▸ Instructions to follow:
Return the listing below exactly as it stands. Pictures stay out.

▸ Collected data:
- Opening Delimiter -
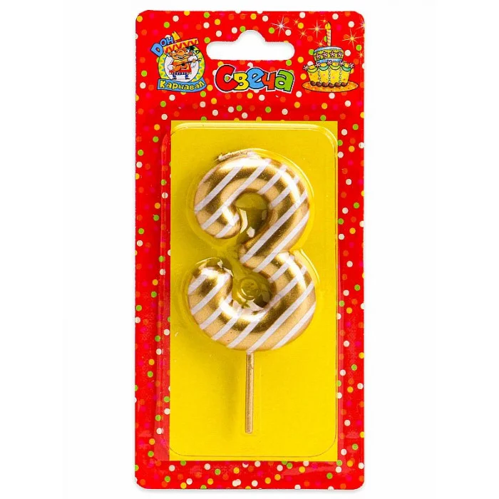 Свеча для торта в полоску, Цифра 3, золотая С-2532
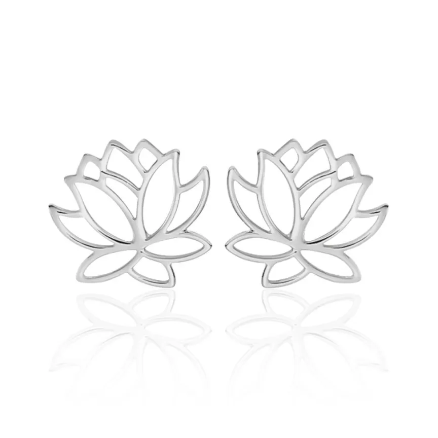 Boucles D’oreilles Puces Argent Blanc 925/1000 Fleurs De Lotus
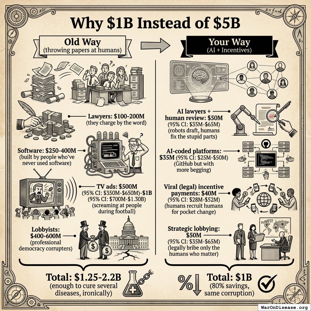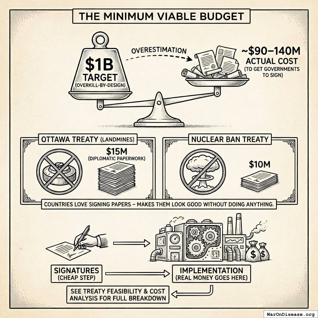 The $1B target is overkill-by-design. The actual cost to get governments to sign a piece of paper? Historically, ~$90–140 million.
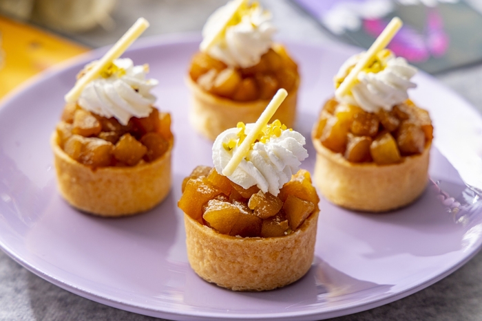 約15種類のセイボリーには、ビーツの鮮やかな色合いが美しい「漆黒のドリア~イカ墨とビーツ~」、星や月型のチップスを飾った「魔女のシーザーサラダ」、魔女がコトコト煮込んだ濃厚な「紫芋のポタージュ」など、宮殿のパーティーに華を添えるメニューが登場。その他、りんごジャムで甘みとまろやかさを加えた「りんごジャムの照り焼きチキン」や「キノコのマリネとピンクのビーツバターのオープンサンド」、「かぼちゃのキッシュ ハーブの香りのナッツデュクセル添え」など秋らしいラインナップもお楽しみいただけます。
- Closing Delimiter -
▸ Solved exercise:
 Свеча для торта в полоску, Цифра 3, золотая С-2532
 Boucles D’oreilles Puces Argent Blanc 925/1000 Fleurs De Lotus
 The $1B target is overkill-by-design. The actual cost to get governments to sign a piece of paper? Historically, ~$90–140 million.
 約15種類のセイボリーには、ビーツの鮮やかな色合いが美しい「漆黒のドリア~イカ墨とビーツ~」、星や月型のチップスを飾った「魔女のシーザーサラダ」、魔女がコトコト煮込んだ濃厚な「紫芋のポタージュ」など、宮殿のパーティーに華を添えるメニューが登場。その他、りんごジャムで甘みとまろやかさを加えた「りんごジャムの照り焼きチキン」や「キノコのマリネとピンクのビーツバターのオープンサンド」、「かぼちゃのキッシュ ハーブの香りのナッツデュクセル添え」など秋らしいラインナップもお楽しみいただけます。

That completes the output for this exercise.